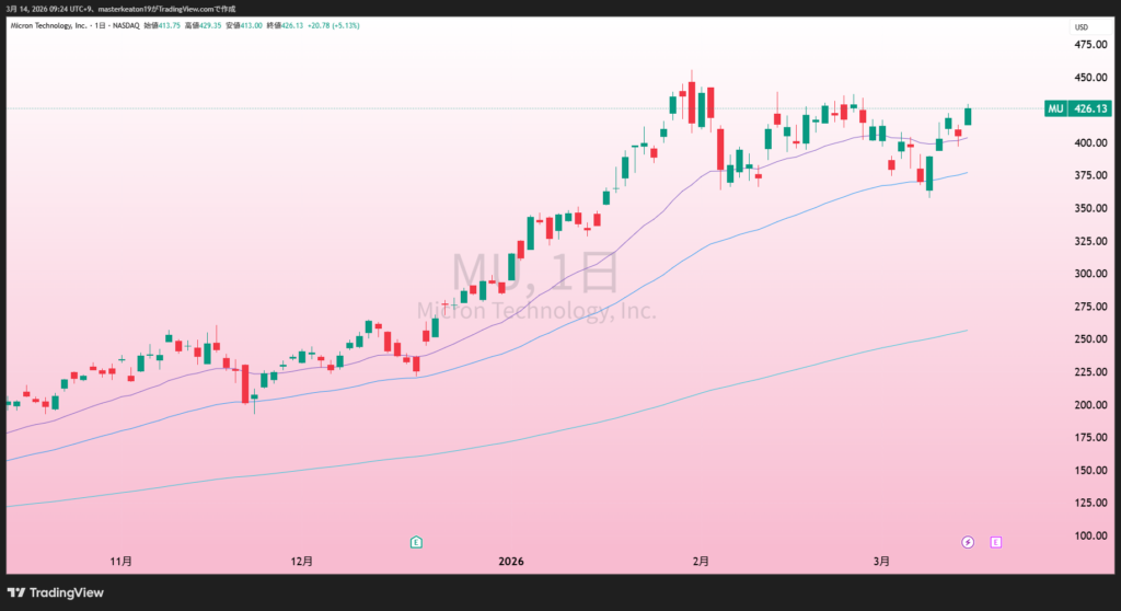 ↓↓マイクロン・テクノロジー(MU)の株価チャート(日足)
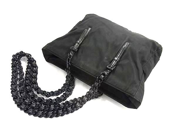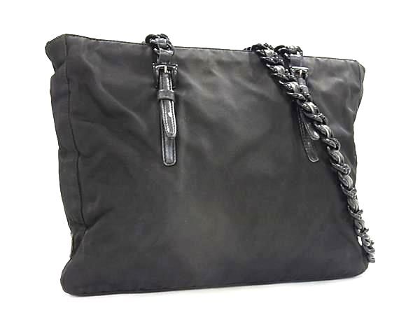 1円 PRADA プラダ テスートナイロン プラスチックチェーン トートバッグ ハンドバッグ 肩掛け レディース ブラック系 FU8381
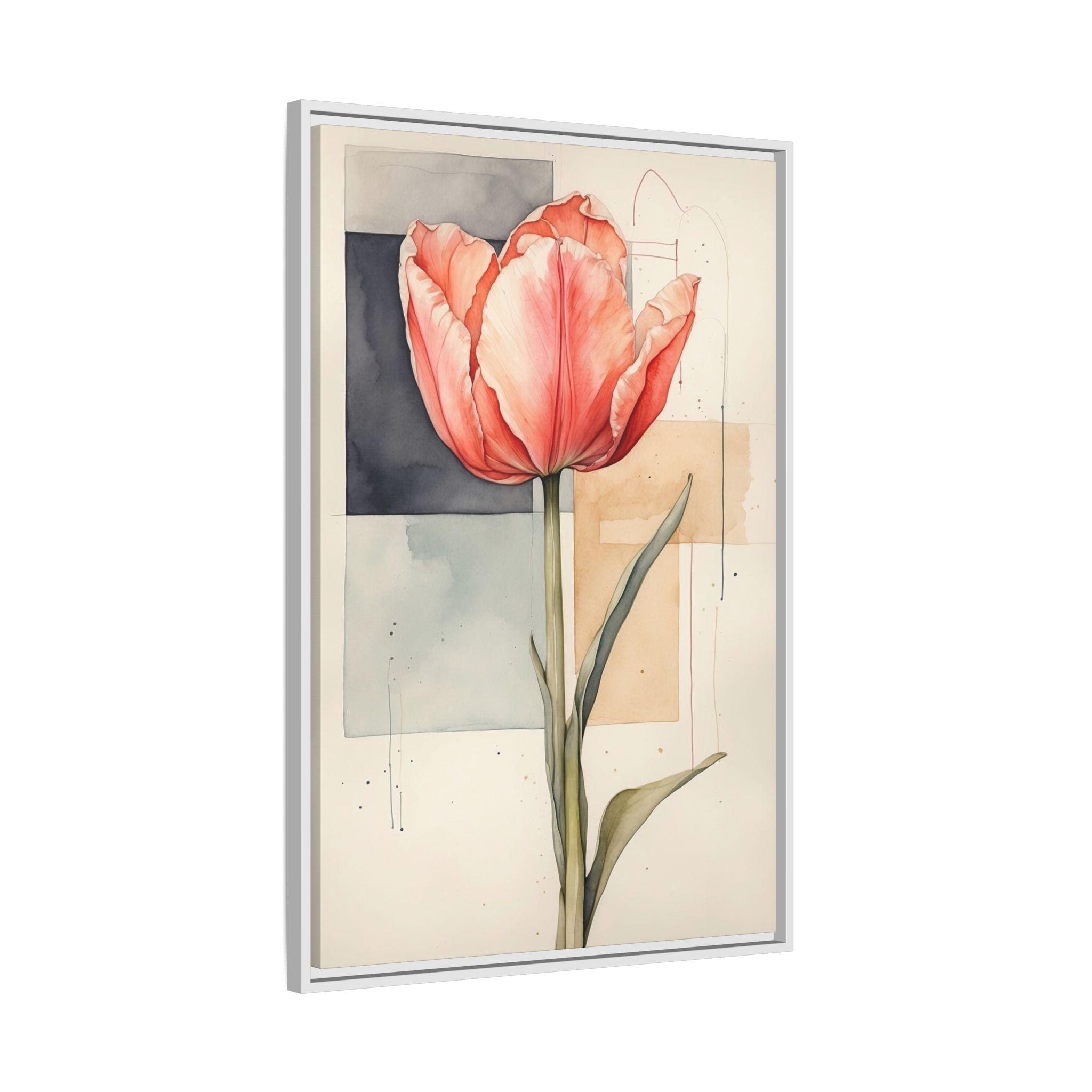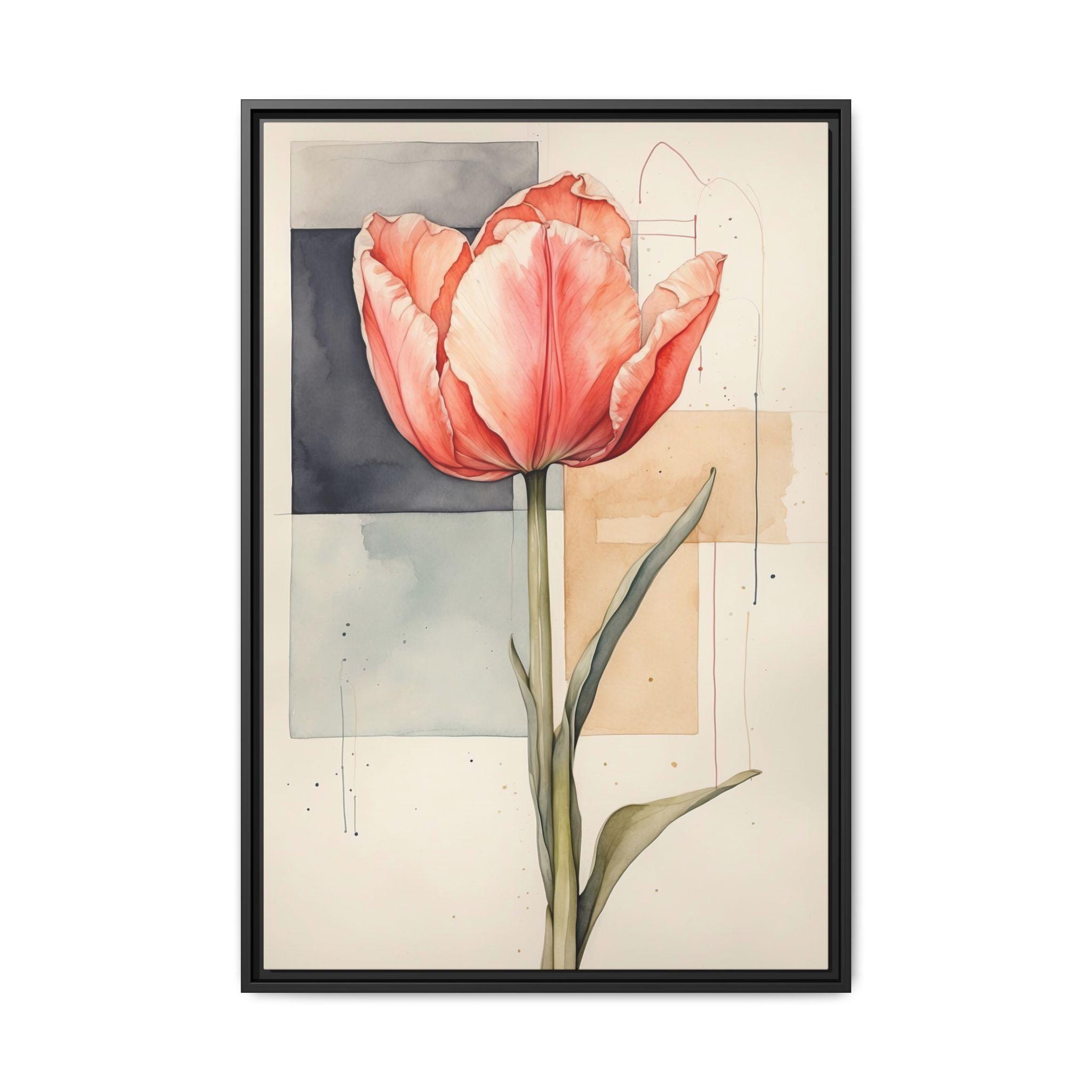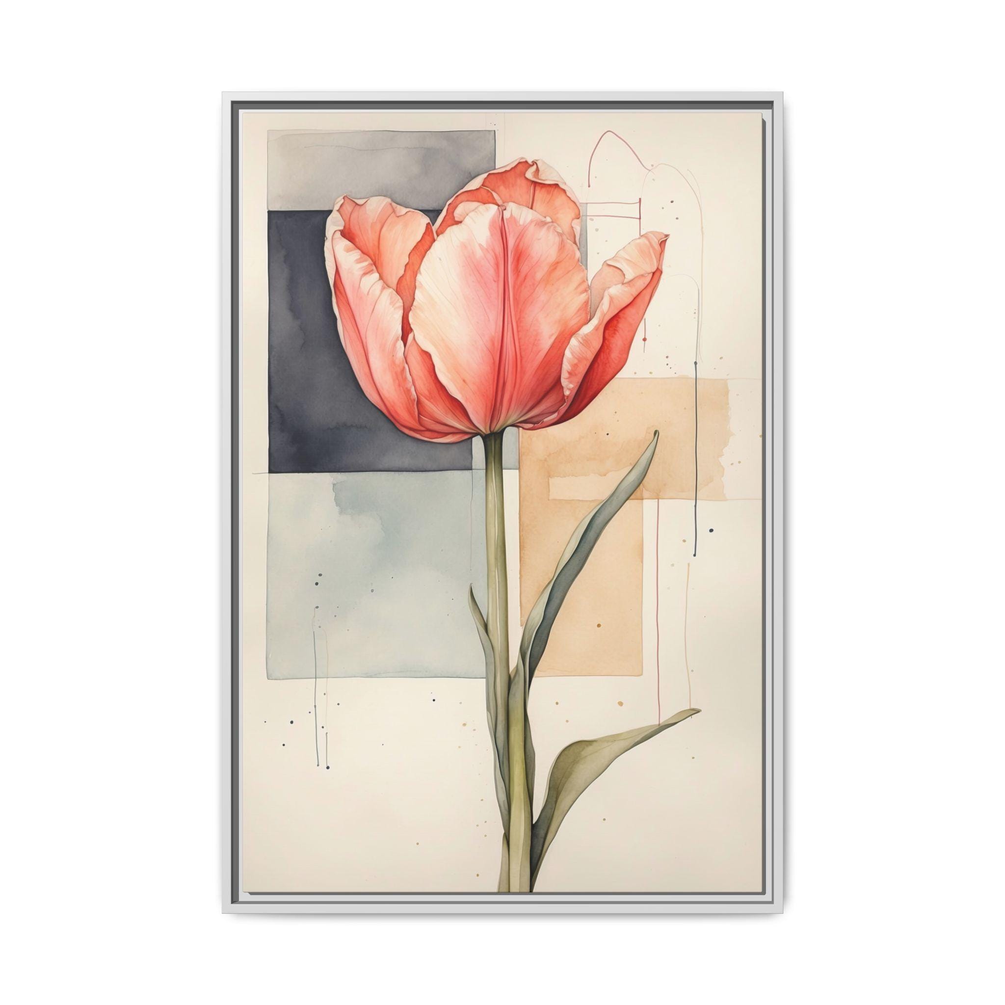 "Tulip Geometry" pairs a delicate continuous line tulip drawing with soft geometric beige squares and subtle watercolor textures. The balanced composition merges organic botanical elegance with modern design, creating a refined and serene visual experience.
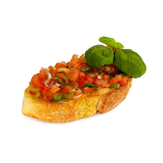 La bruschetta é un antipasto colorato e sfizioso, veloce da preparare. Ideale per essere servito in un buffet o per aprire un pasto accontentando i diversi gusti degli ospiti.
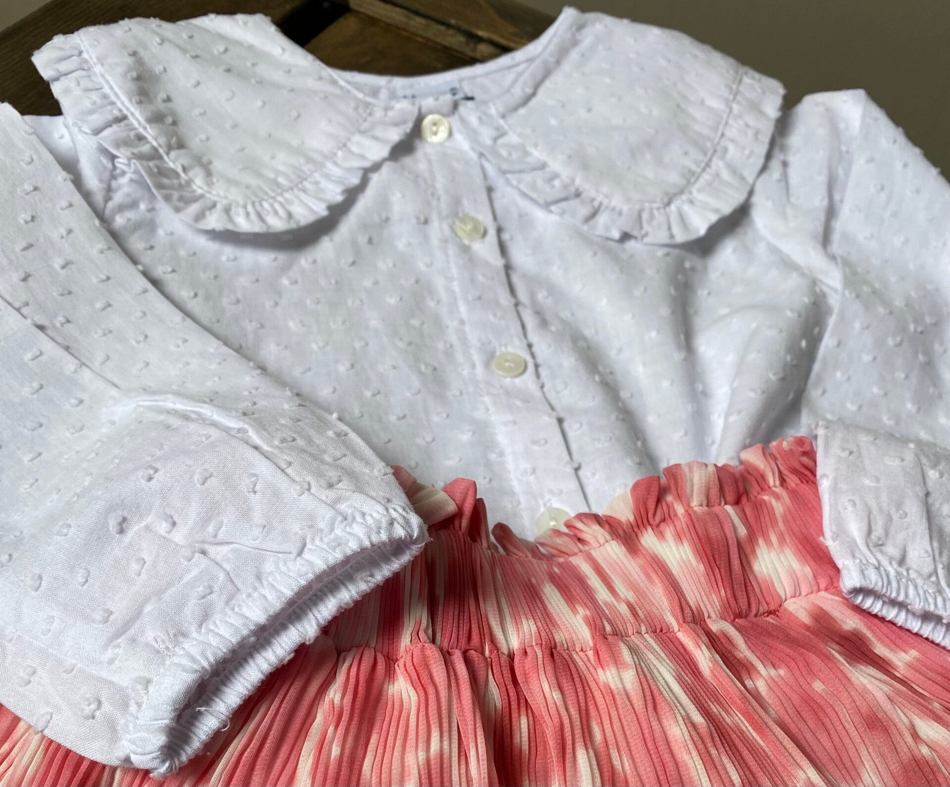 Een eenvoudige witte blouse met kraag een mooie grote kraag.
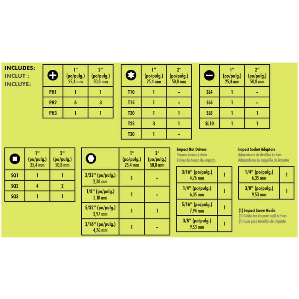 - Includes: (50) Impact Rated Bits in a variety of socket adaptors, nut drivers, driver bits, and bit holders
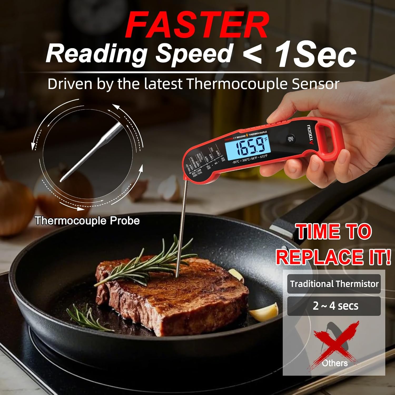 - [ Advanced Thermocouple Sensor ]: Equipped with advanced thermocouple sensors, this digital thermometer responds in under 1 second, which is 3X faster than traditional thermal resistance thermometers. This instant feedback ensures precise temperature control, preventing overcooking and delivering perfectly cooked meat

EXERCISE PROMPT
The answer must be the part of the records that opens with the line containing "La bruschetta é" and closes with the line containing "Een eenvoudige witte", reproduced exactly, with no pictures.

OUTPUT OF THE EXERCISE
 La bruschetta é un antipasto colorato e sfizioso, veloce da preparare. Ideale per essere servito in un buffet o per aprire un pasto accontentando i diversi gusti degli ospiti.
 Een eenvoudige witte blouse met kraag een mooie grote kraag.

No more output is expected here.